Inhibition Of Epo Production Research Articles

Cobalt chloride and desferrioxamine antagonize the inhibition of erythropoietin production by reactive oxygen species

We have recently proposed a H2O2-generating b-type cytochrome as part of the cellular oxygen sensor that controls O2-dependent erythropoietin (Epo) production in the human hepatocellular carcinoma cell line HepG2. H2O2 could act as an intracellular signaling molecule because its production in HepG2 cells is strictly dependent on the pericellular PO2. High cellular levels of H2O2 inhibit hypoxia-induced Epo production while low levels-as under hypoxic conditions-allow full expression of the Epo gene. Since cobalt chloride (CoCl2) and the iron chelator desferrioxamine (DSF) both mimic the hypoxic induction of Epo production we studied the influence of CoCl2 and DSF on the formation and on the action of reactive O2-species with respect to Epo production. Both chemicals reduced the H2O2-dependent 123-dihydrorhodamine fluorescence in HepG2 cells. The inhibition of Epo production by exogenous H2O2 was completely antagonized by DSF. This might indicate that H2O2 exerts its inhibition through a Fenton type reaction. On the other hand, NADPH and pyrogallol which stimulate the production of O2- inhibited Epo production. CoCl2 antagonized their effects. From our results we propose different sites of interaction with the putative signaling chain for DSF and CoCl2. While DSF appears to reduce the action of the H2O2 molecule, CoCl2 might act further upstream through the induction of H2O2-scavenger systems or by interfering with its production.

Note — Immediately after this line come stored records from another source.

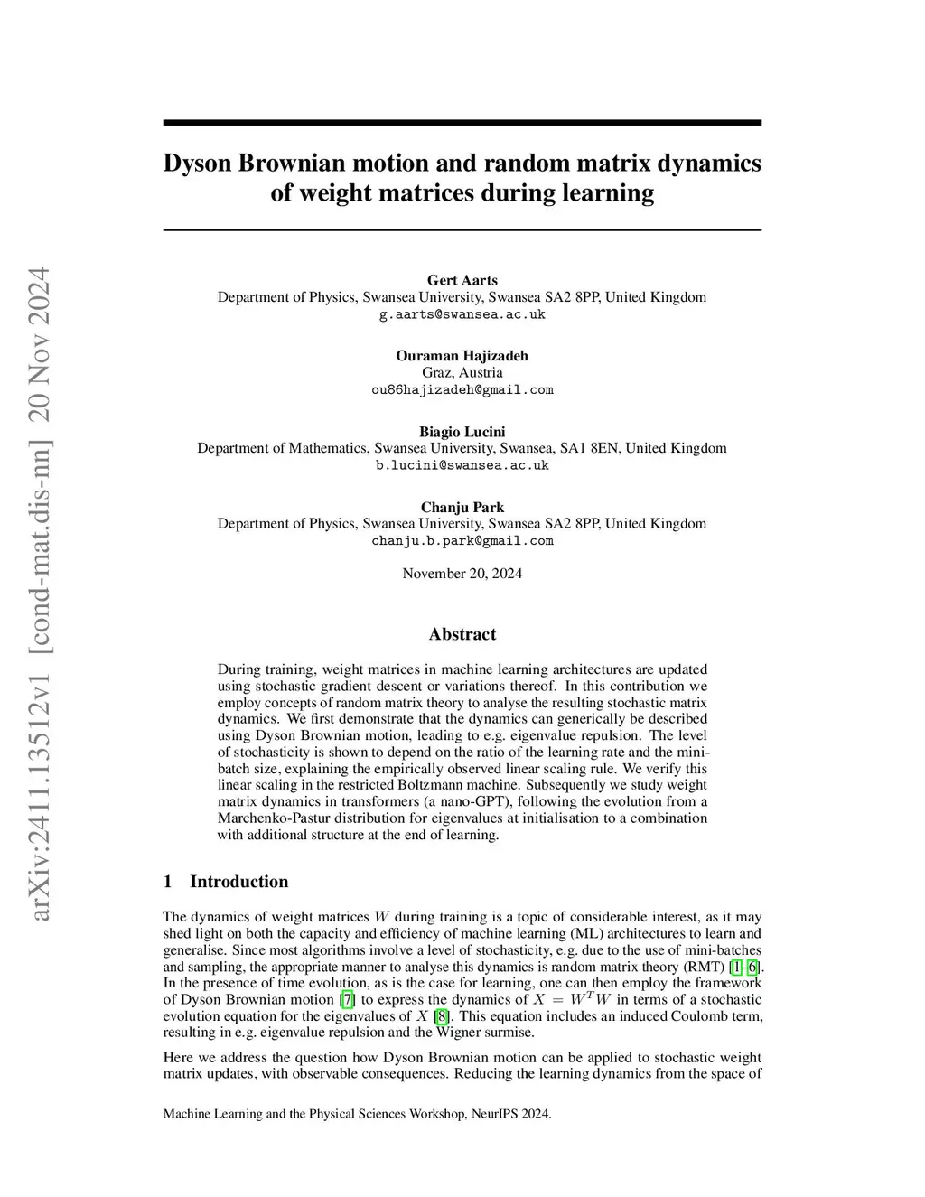 During training, weight matrices in machine learning architectures are updated using stochastic gradient descent or variations thereof. In this contribution we employ concepts of random matrix theory to analyse the resulting stochastic matrix dynamics. We first demonstrate that the dynamics can generically be described using Dyson Brownian motion, leading to e.g. eigenvalue repulsion. The level of stochasticity is shown to depend on the ratio of the learning rate and the mini-batch size, explaining the empirically observed linear scaling rule. We verify this linear scaling in the restricted Boltzmann machine. Subsequently we study weight matrix dynamics in transformers (a nano-GPT), following the evolution from a Marchenko-Pastur distribution for eigenvalues at initialisation to a combination with additional structure at the end of learning.
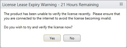 When a license lease (i.e., the time between two verification instances) is about to expire and no internet connection is detected, the following message displays:
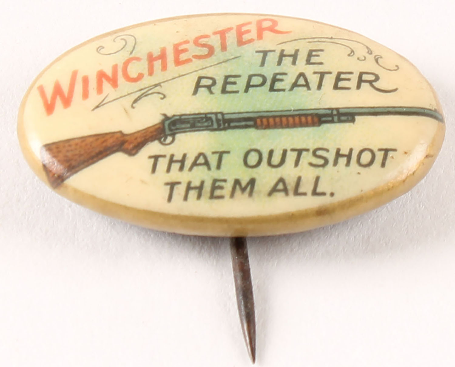 RARE! Winchester oval pinback, has rust to edges whitehead & Hoag paperback. Grade: Excellent - Value: 100 to 200
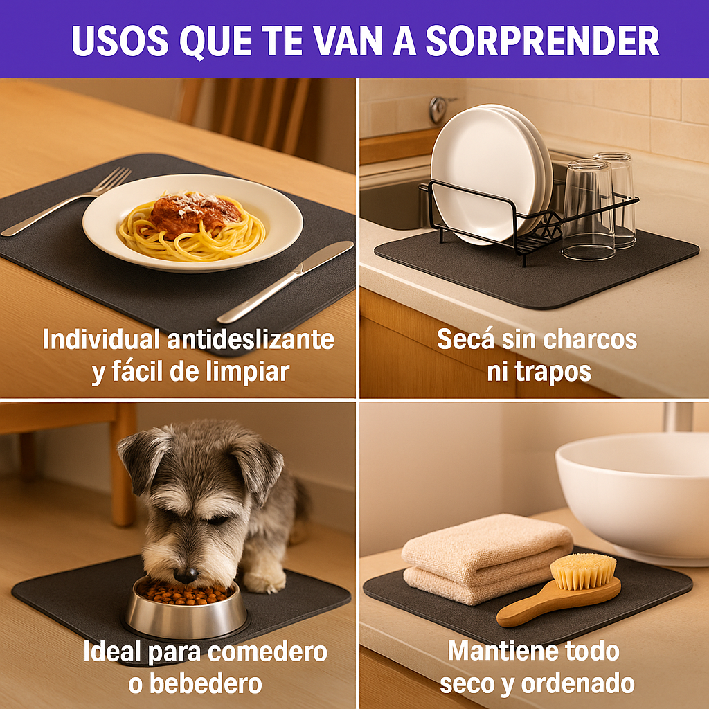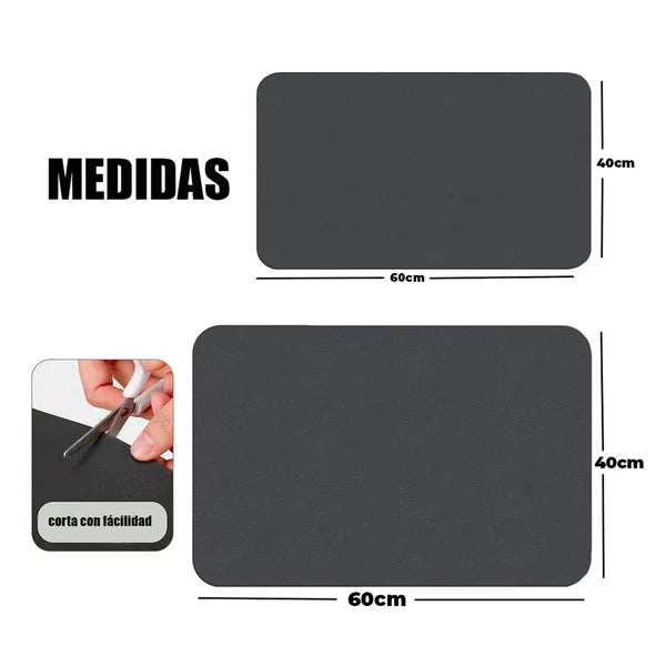 Este tapete absorbe el agua, no se mueve y deja todo limpio sin que hagas nada más.
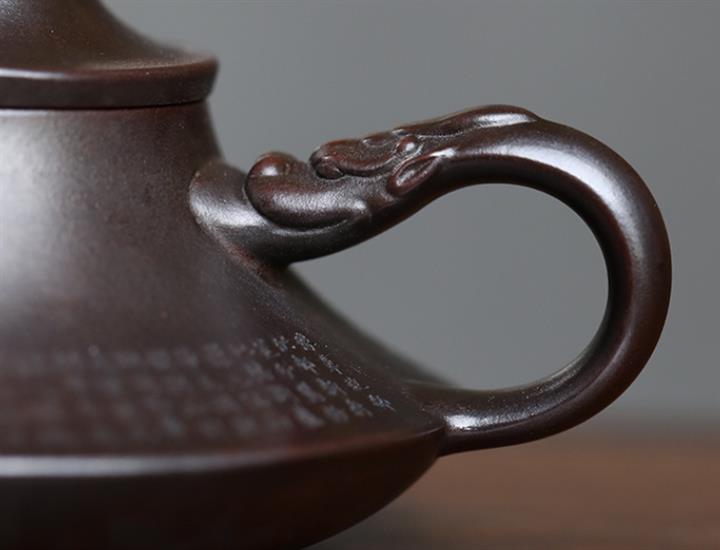 【泥料特點】砂土氣重,似淳實農民,日久使用,漸露鋒芒,養成變化,溫潤莊重。紫砂是壹種雙重氣孔結構的多孔性材質,氣孔微細,密度高。用紫砂壺沏茶,不失原味,且香不渙散,得茶之真香真味。紫砂使用越久,壺身色澤越發光亮照人,氣韻溫雅。紫砂壺長久使用器身會因撫摸擦拭,變得越發溫潤光澤。
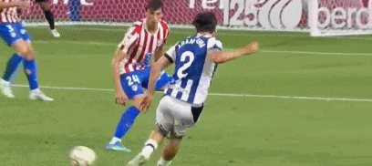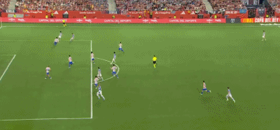 第24分钟,阿兰布鲁右路斜传,格德斯中路包抄停球抽射,普维尔放铲形成折射,直奔右上角而去,擦着立柱偏出,马竞逃过一劫。
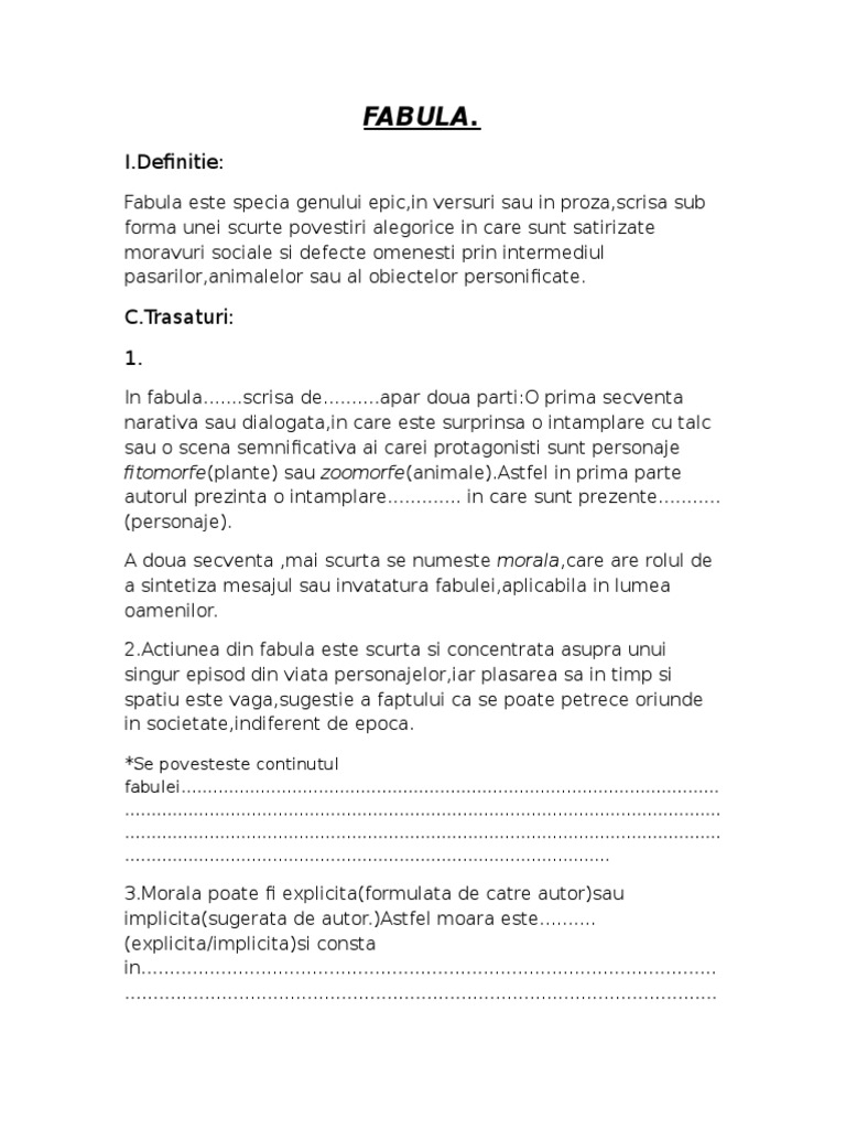 vizitati articolul complet aici : https://line.17qq.com/articles/swsrurquax.html Fabula este opera epica de mica intindere, cu caracter satiric si moralizator, in care intamplarile sunt puse pe seama animalelor, pasarilor sau obiectelor, care intruchipeaza defecte omenesti criticate de autor. See 4 authoritative translations of fabula in english with example sentences, conjugations and audio pronunciations. Cultiva trasaturi distincte curajul, vitejia predilectie pentru speciile:
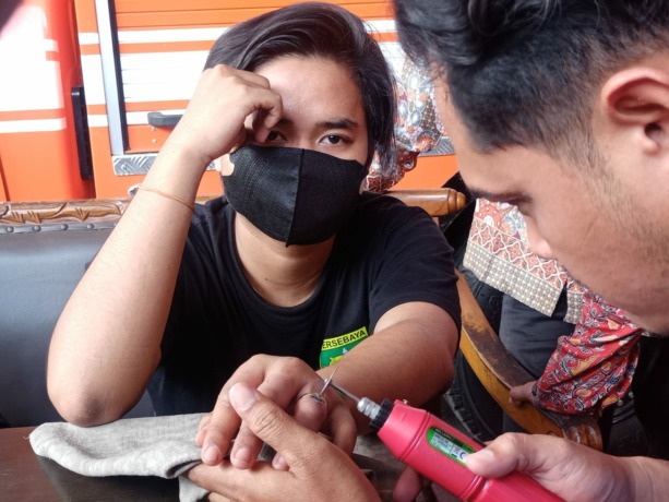 DAMKAR Kabupaten Mojokerto melakukan operasi pemotongan cincin yang tersangkut di jari Rizky Wahyu Firmansyah, 23, karyawan percetakan kertas asal Dusun Adisono, Desa Lebaksono, Kecamatan Pungging, Kamis (27/4) siang. Cincin monel itu tak bisa dilepas usai jari korban terjepit pada mesin printing.
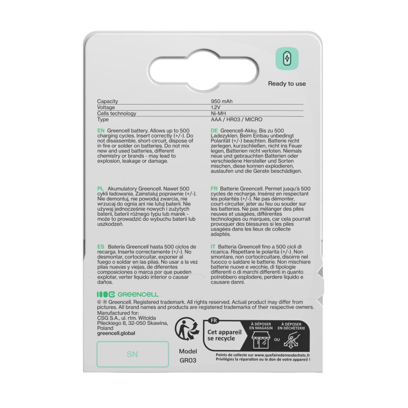 Cada año utilizados más de 40.000 millones de baterías desechables en todo el mundo, que a menudo se tiran directamente al medioambiente. Las batería Green Cell garantizan hasta 3 años de uso intensivo, lo que equivale al consumo de decenas de baterías AAA tradicionales. ¡Con las baterías Green Cell, puedes reducir significativamente los residuos y ayudarás a proteger el medioambiente!
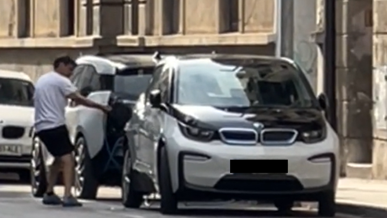 Na družbenem omrežju TikTok se je pojavil posnetek moškega, ki se je, sodeč po opravi, na topel dan v prestolnici znesel nad električnim avtomobilom.
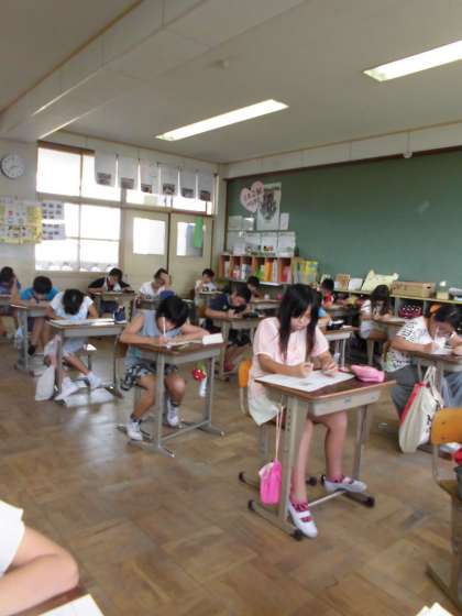 ジョイントプログラムの様子です。静まり返った教室に子どもたちの鉛筆の音が響きます。悩んだ問題は飛ばして次の問題に進んだり,一通りやり終えた後は,もう一度見直したりしながら,それぞれが精一杯テストに取り組んでいました。
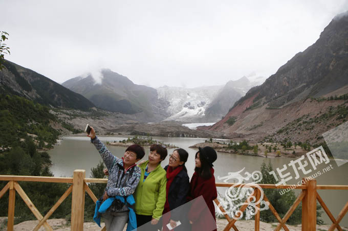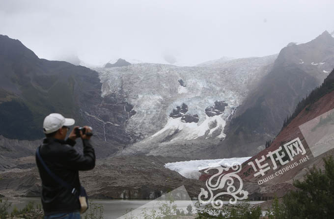 米堆冰川的美景吸引了不少游客慕名而来。 特派记者 李文科 摄
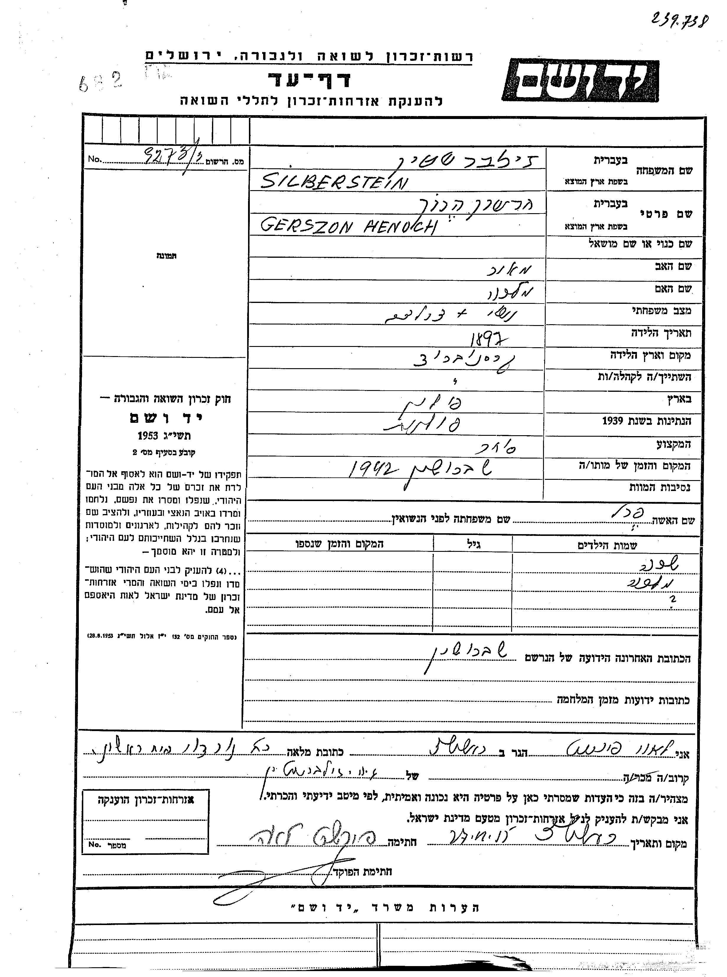 Malka Silberstein wurde Sie war die Tochter von Gerszon Henoch und Perel. Sie war Kind. Vor dem Zweiten Weltkrieg lebte sie in Krasnobrod, Polen. Während des Krieges war sie in Szczebrzeszyn, Polen.
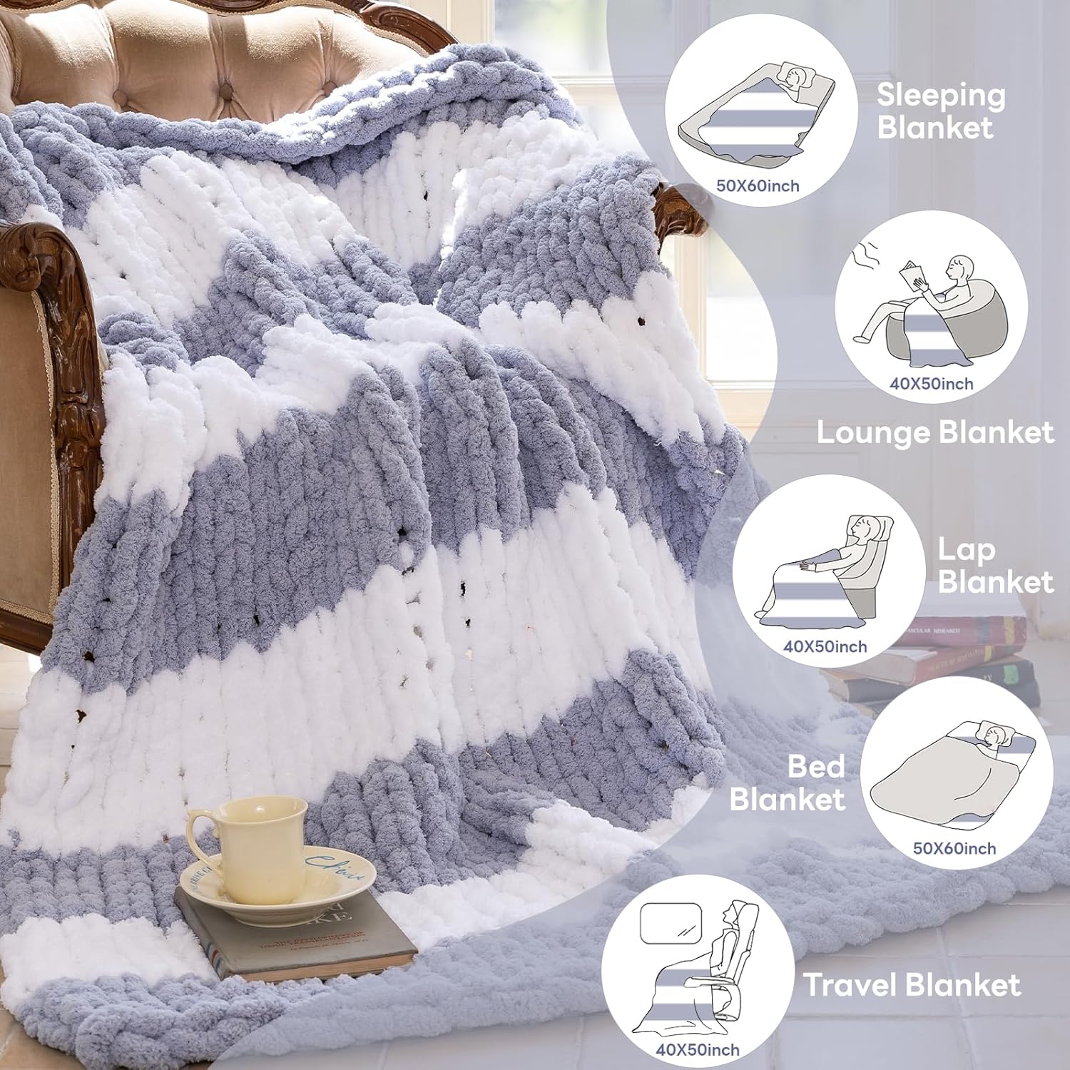 - Soft and Cozy: Made from high-quality, chenille yarn chunky knit blanket provides a soft and warm feel, perfect for cuddling up on cold nights.It will be your comfort companion,Great as chunky crochet blanket for any season

Regulation of the Erythropoietin Gene: Evidence That the Oxygen Sensor Is a Heme Protein

Erythropoietin (Epo), the hormone that stimulates red blood cell production, is synthesized in the kidney and liver in response to hypoxia. The human hepatoma cell line Hep3B regulates its production of Epo in a physiologic manner. Either hypoxia or cobalt chloride markedly increases expression of Epo mRNA as well as production of biologically active and immunologically distinct Epo protein. New protein synthesis is required before the induction of increased levels of hypoxia- or cobalt-induced Epo mRNA. Hypoxia, cobalt chloride, and nickel chloride appear to stimulate Epo production through a common pathway. The inhibition of Epo production at low partial pressures of oxygen by carbon monoxide provides evidence that a heme protein is integrally involved in the oxygen-sensing mechanism. This hypothesis is further supported by the finding that when heme synthesis is blocked, hypoxia-, cobalt-, and nickel-induced Epo production are all markedly inhibited. A model is proposed in which a ligand-dependent conformational change in a heme protein accounts for the mechanism by which hypoxia as well as cobalt and nickel stimulate the production of Epo.